DIRECTIONS FOR THIS TASK: The expected result is the full listing, retyped exactly, without a single picture.

** Opening RECORDS SHOWN block **

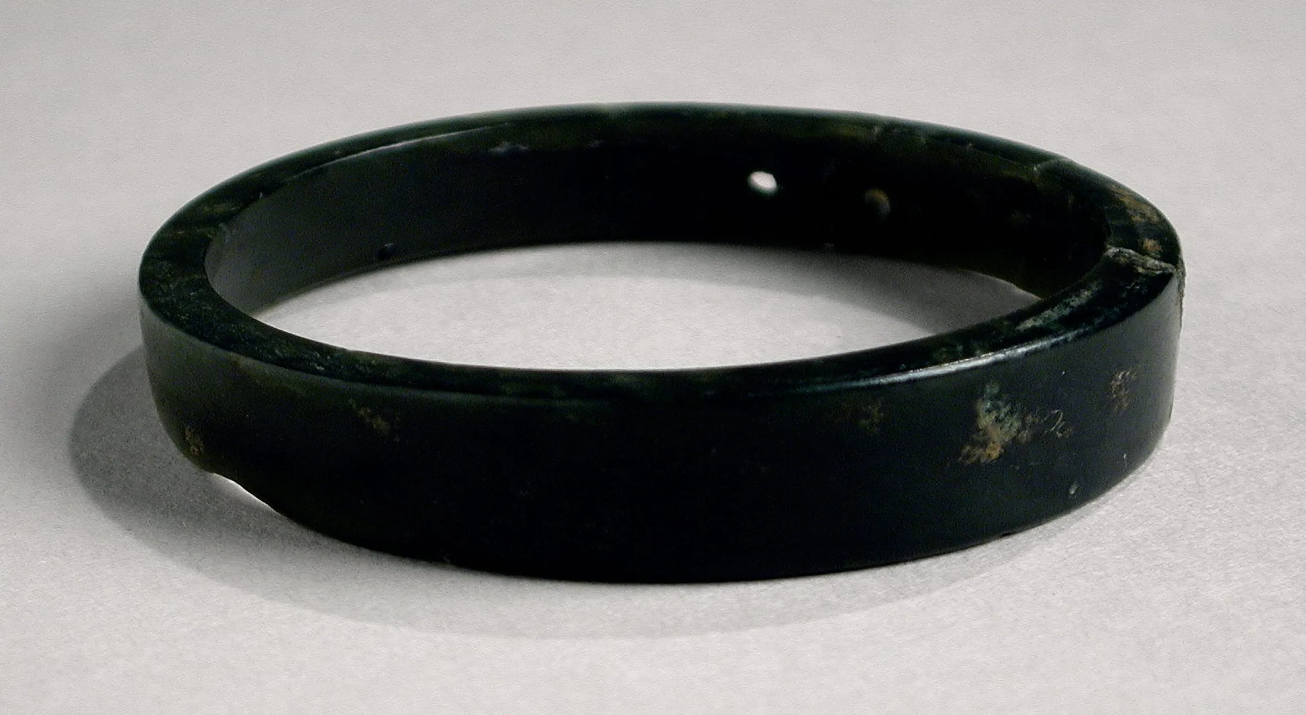 Bronze circular band or bracelet with deep black patina and patches of olive green corrosion, viewed slightly from above on a gray surface
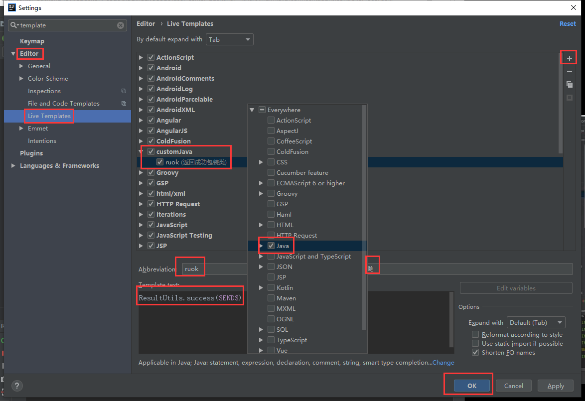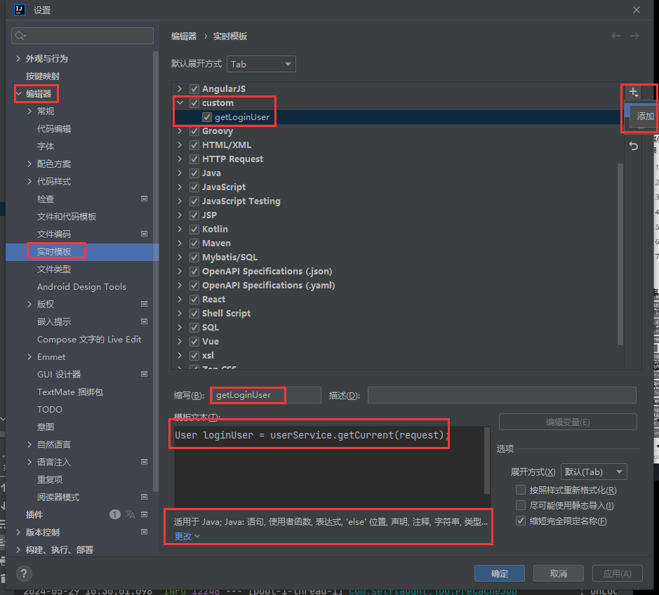 配置实时模版(使用快捷键)
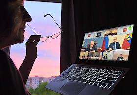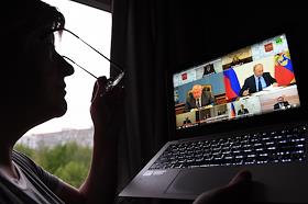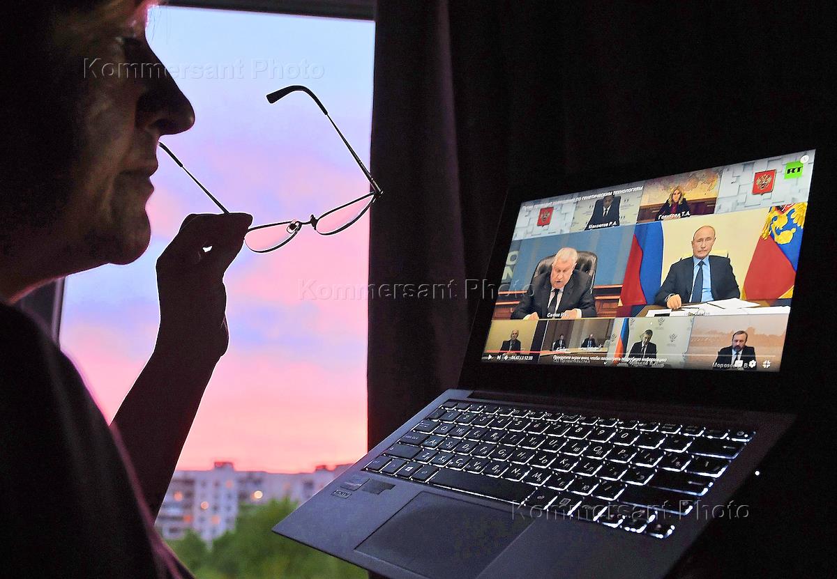 Политика Режим самоизоляции из-за опасности распространения коронавирусной инфекции COVID-19. Жанровая фотография. Трансляция совещания президента России Владимира Путина в режиме видеоконференции о развитии генетических технологий в России.
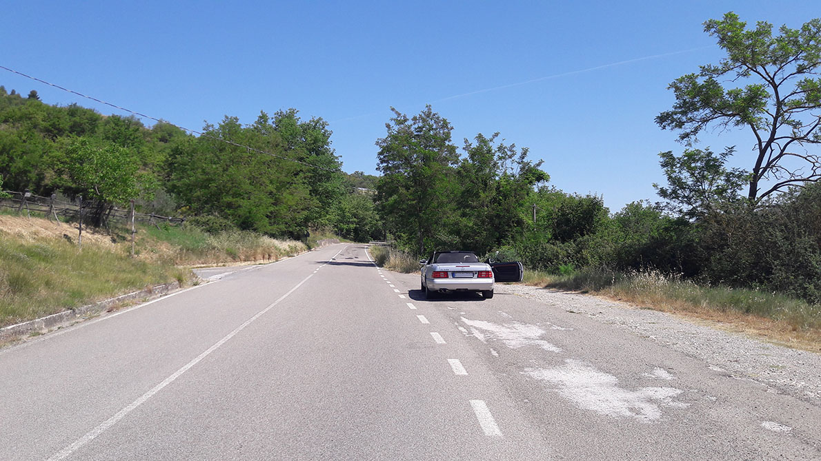 Ende Mai war ein Urlaub in die Toskana geplant, natürlich mit dem SL. Auf den ersten Ausfahrten hatten wir einige knarzende Geräusche im Bereich der Vorder- und Hinterachse festgestellt. Ich hatte ein ungutes Gefühl ohne genaues Wissen über das Geräusch eine so lange Reise mit einem mir noch nicht vertrauten Auto zu wagen.
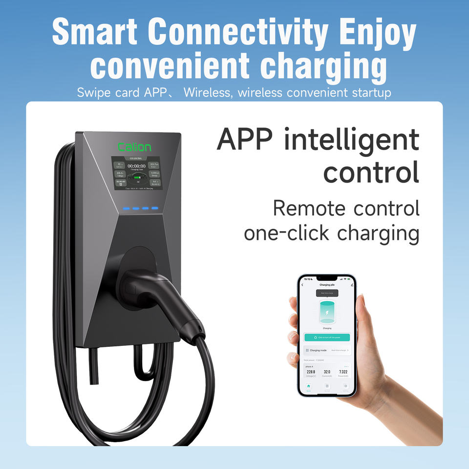 สถานีชาร์จรถยนต์ไฟฟ้าแบบติดผนัง CALION รุ่นใหม่ 7KW-11KW-22KW มาตรฐาน GB/T ป้องกันน้ำ IP54 พร้อมฟังก์ชัน RFID/APP ได้รับการรับรอง ETL/FCC
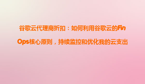 2025-11-03谷歌云代理商折扣:如何利用谷歌云的FinOps核心原則,持續(xù)監(jiān)控和優(yōu)化我的云支出? 引言:云成本優(yōu)化的重要性 在云計算時代,企業(yè)越來越多地依賴云服務來托管應用程序、存儲數(shù)據(jù)和運行業(yè)務關鍵型工作負載。...

** Closing RECORDS SHOWN block **

RESPONSE BELOW:
 Bronze circular band or bracelet with deep black patina and patches of olive green corrosion, viewed slightly from above on a gray surface
 配置实时模版(使用快捷键)
 Политика Режим самоизоляции из-за опасности распространения коронавирусной инфекции COVID-19. Жанровая фотография. Трансляция совещания президента России Владимира Путина в режиме видеоконференции о развитии генетических технологий в России.
 Ende Mai war ein Urlaub in die Toskana geplant, natürlich mit dem SL. Auf den ersten Ausfahrten hatten wir einige knarzende Geräusche im Bereich der Vorder- und Hinterachse festgestellt. Ich hatte ein ungutes Gefühl ohne genaues Wissen über das Geräusch eine so lange Reise mit einem mir noch nicht vertrauten Auto zu wagen.
 สถานีชาร์จรถยนต์ไฟฟ้าแบบติดผนัง CALION รุ่นใหม่ 7KW-11KW-22KW มาตรฐาน GB/T ป้องกันน้ำ IP54 พร้อมฟังก์ชัน RFID/APP ได้รับการรับรอง ETL/FCC
 2025-11-03谷歌云代理商折扣:如何利用谷歌云的FinOps核心原則,持續(xù)監(jiān)控和優(yōu)化我的云支出? 引言:云成本優(yōu)化的重要性 在云計算時代,企業(yè)越來越多地依賴云服務來托管應用程序、存儲數(shù)據(jù)和運行業(yè)務關鍵型工作負載。...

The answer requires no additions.